# Preprocessing arrays for fast sorted-subarray queries

Suppose you have an array of \( n \) real numbers (or other totally ordered values that you can compare but not treat as small integers). You want to answer queries that specify a contiguous subarray and return the sorted sequence of values within that subarray. Without any preprocessing you could query a subarray of length \( k \) in time \( O(k\log k) \), by pulling out the subarray and then comparison sorting it. With preprocessing, how much better can we do?

The obvious answer would be to sort the input, and replace each real number by an integer, its position in the sorted sequence. Doing this would allow us to use integer sorting algorithms to handle each query. This works particularly well for long queries (longer than \( n^{\epsilon} \) for some \( \epsilon\gt 0 \)), because then you can use radix sort to answer the query in linear time. But it is still somewhat problematic for shorter queries, where we don't have time to set up and then take down the big arrays used by radix sort, and where other integer sorting algorithms are both less practical than radix sort and slower than linear time.

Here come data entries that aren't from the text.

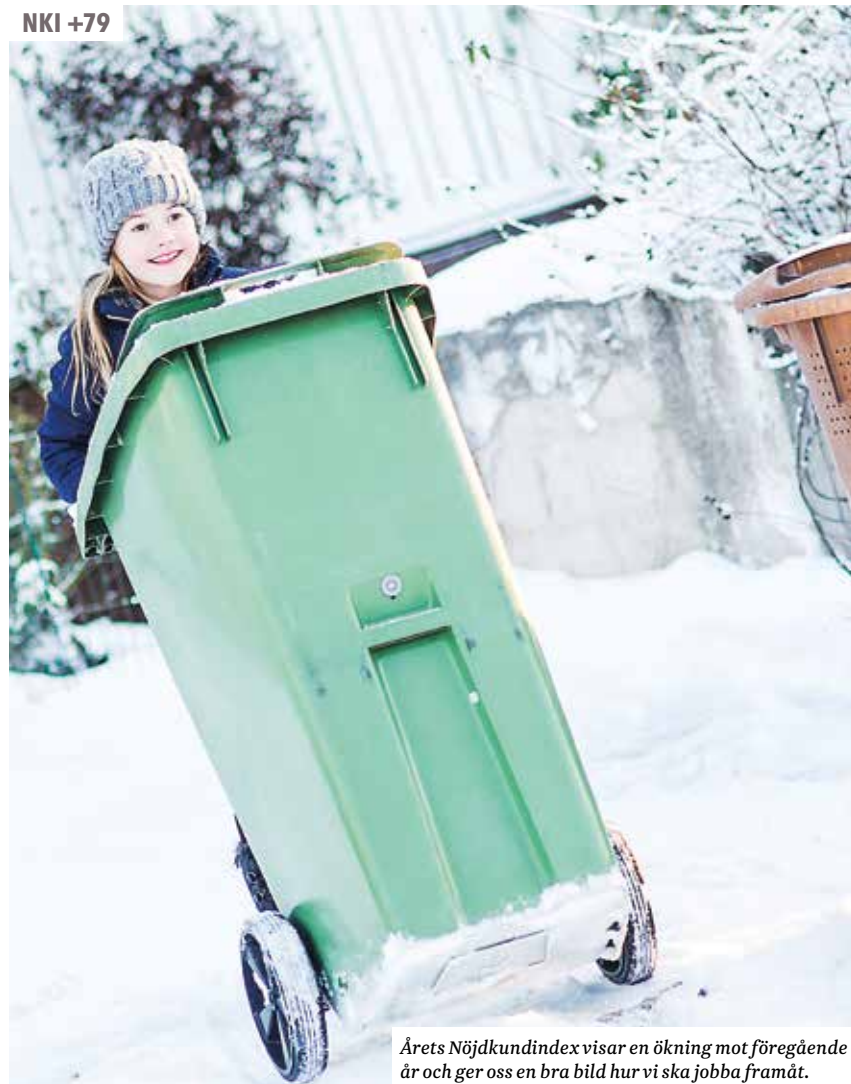
Årets Nöj kundindex visar en ökning mot föregående år och ger oss en bra bild hur vi ska jobba framåt.
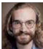
Matthieu BABIAR et Séverine DUCHÊNE Réalisateur du film
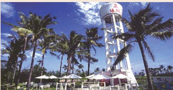
屏東農場高雄分場。
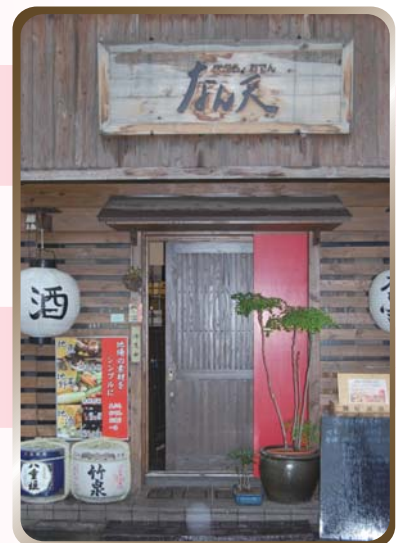
第3回ゲストのお店 なん天
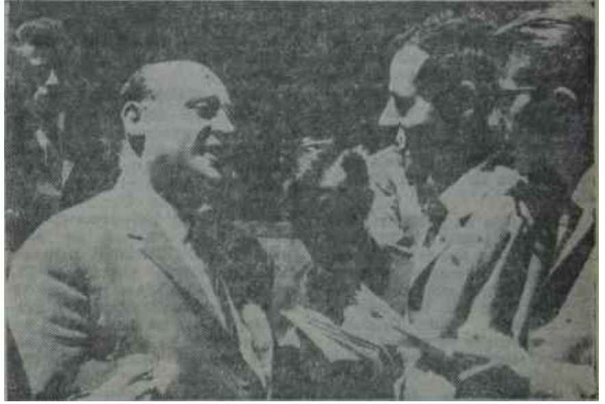
Demirel Başbakanlık önünde gazetecilerle "Bir doksun, bin ah dinle.."

Adamlar, hem de hemen o gün istifa etmezler mi?
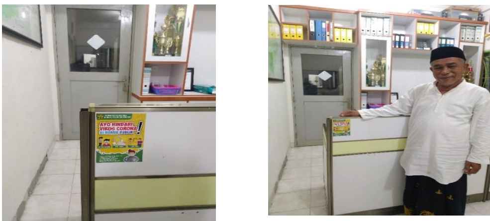
Gambar 6. Stiker yang ditempel di kantor kepala desa Blangkrueng, Kecamatan Baitussalam. Kabupaten Aceh Besar

Semua kegiatan yang dilakukan didokumentasikan dalam bentuk video yang dapat diakses pada link berikut: https://youtu.be/DfDnCrrJUrU . Selain itu juga dilakukan publikasi kegiatan di media massa online yang dapat diakses pada link berikut: https://acehsiana.com/2020/12/15/jurusan-pendidikan-geografi-unsyah-sosialisasi-pencegahan-covid-19/ . Berikut akan ditampilkan Gambar 7 memperlihatkan stiker yang ditempel di mobil tim anggota pengabdian. Diharapkan dengan bergerak mobil yang sudah ditempel stiker mitigasi bencana COVID-19, maka membuat informasi akan dapat disampaikan kepada masyarakat yang melihat dan membaca stiker ini.
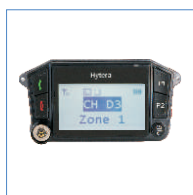
RCS-01 konsola bezprzewodowa
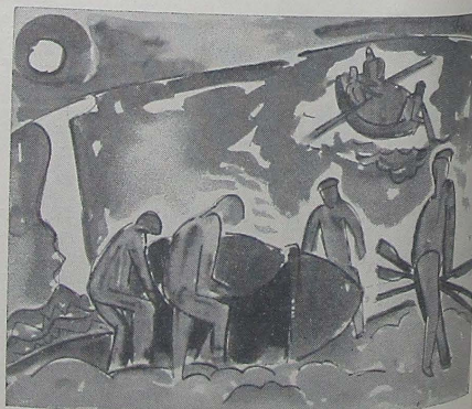
Acuarela de Schmidt-Rottluff

bote de conservas y un alambre, oscila tranquilamente, el colorido debe presentar superficie de rozamiento sobre la viga, porque lo hace a pequeñas sacudidas obsoletas.
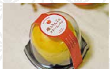
極みりんごのクリームパン1個 350円 サンファーム チェリー&ベリーガーデン
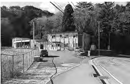
消防仮設庁舎の移転場所、完成年度は

本町では、この指針を踏まえ、緊急時の出勤に効果的な配置などから判断し、小中一貫校移転後の女川小学校グラウンドを建設候補地として調整中であり、配備計画、スケジュールを早期に提示したいと考えています。
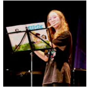
Sipsik on üks Eesti laste armastatumaid raamatutegelasi.

3. aprillil tähistati Kose kultuurikeskuses 500 aasta möödumist esimese eestikeelse raamatu ilmumisest Kose huvikooli õpilaste-õpetajate, Kose gümnaasiumi ja raamatukogu koostöös valminud kontserdiga „Eesti raamat 500 muusikas“.
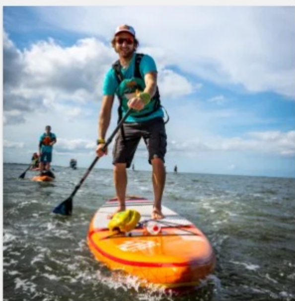
SUP Verleih Lüneburg – 4 Stunden ab 29,00 €
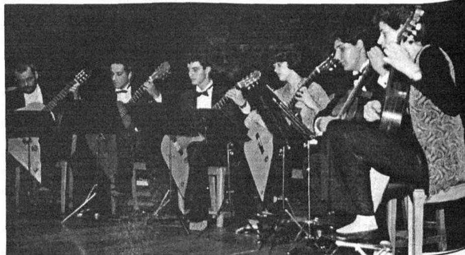
"El sexteto de guitarras de cola" en un momento de su actuación en el encuentro.
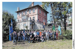
Veliki odaziv na akciju u organizaciji UDVDR-a PGZ-a

RIJEKA » Još jedan projekt koji je dobio potporu Riječkog programa lokalnog partnerstva realizirana je ovog vikenda – članovi Udruge dragovoljaca i veterana Domovinskog rata Primorskogoranske županije i njihovi prijatelji uredili su prostor ispred zgrade Centra za psihosocijalnu pomoć stradalnicima Domovinskog rata na Zametu. Riječ je o projektu nazvanom »Branitelji za branitelje«, a obuhvaća je uređenje okoliša, ali i parkirališta i prilaza zgradi koju koriste i ambulante Doma zdravlja. (NL)
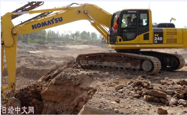
日本小松的挖掘机

第2个担忧因素是美国的高关税正使中国供应美国的产品和零部件失去竞争力。三菱电机的常务执行董事皮笠石齐在7月30日的财报发布会上表示，“如果产生影响，有些环节可以通过改变产地来应对”。在问卷调查中，很多日本企业讨论调整生产体制和包括原材料采购在内的整体供应链。
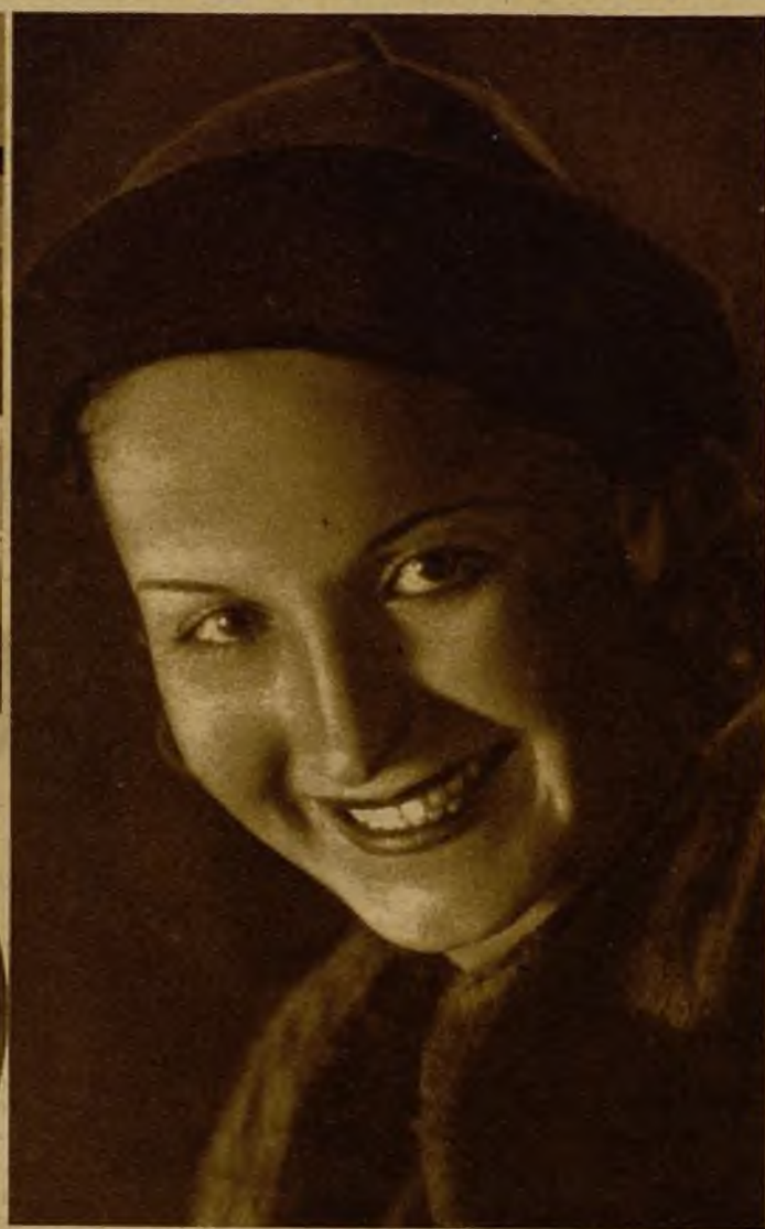
Micaela de Francisco, notable tiple ligera, que actuará en el té concierto organizado por Seelta Club el próximo martes

So here's a trick that works better. For each \( i \) from \( 1 \) to \( \log^* n \), divide the array into sub-arrays of size \( 2^{2^i} \). Sort these subarrays (by merging the smaller subarrays from the next smaller value of \( i \)) and, for each element, write down its position in the sorted subarray; this is a \( 2^i \)-bit binary number. Then, for each element of the whole big array, write down one number, the concatenation of these numbers for all the subarrays. (It works best if the bigger subarrays get more-significant bits of the concatenation.) That way, each of the original inputs gets an index number that is still only \( O(\log n) \) bits long. By doing the recursive array partition top-down instead of bottom-up you can make the number of bits at most \( 2\log n \), and by using a larger base than 2 you can make it at most \( (1+\epsilon)\log n \) for any \( \epsilon\gt 0 \).

Then, to handle any query subarray of length \( k \), decompose the query into at most two of the subarrays of the recursive decomposition above that are both of length \( O(k^2) \). Mask off the higher order bits of the index numbers within those subarrays so that the remaining number of bits is \( O(\log k) \), small enough that radix sort can be used to sort these numbers in linear time. Merge the two sorted subarrays to give the answer to the query.

The time to preprocess the input is \( O(n\log n) \), unsurprising since we have to comparison sort somewhere. But the space for the resulting data structure is only \( O(n) \), and it allows sorted-subarray queries in time linear in the length of the subarray.

### Comments:

**itman**:

**2016-07-14T03:07:24Z**

Clever. From the practical perspective, however, you can use radix sort on floats. It will probably slower, though, compared to the radix sort on ordinal numbers. And in some sense we would treat floats as small numbers, b/c the cost of the radix sort depends on the size of the float (so there is a logarithmic constant anyways). But it might be faster in practice than quick sort.

**11011110**:

**2016-07-14T03:45:15Z**

In the actual application I had in mind for this (though it won't end up going in because it complicates things without actually making a difference to the final result) the numbers to be sorted are not floats, but rationals.

In some architectures floats have the same sort order as integers of the same size, so you can just use integer sorting algorithms on them directly. But even when they don't, as you say it's not hard to adapt the algorithms.

**itman**:

**2016-07-14T03:54:57Z**

ohh, rationals is a different thing.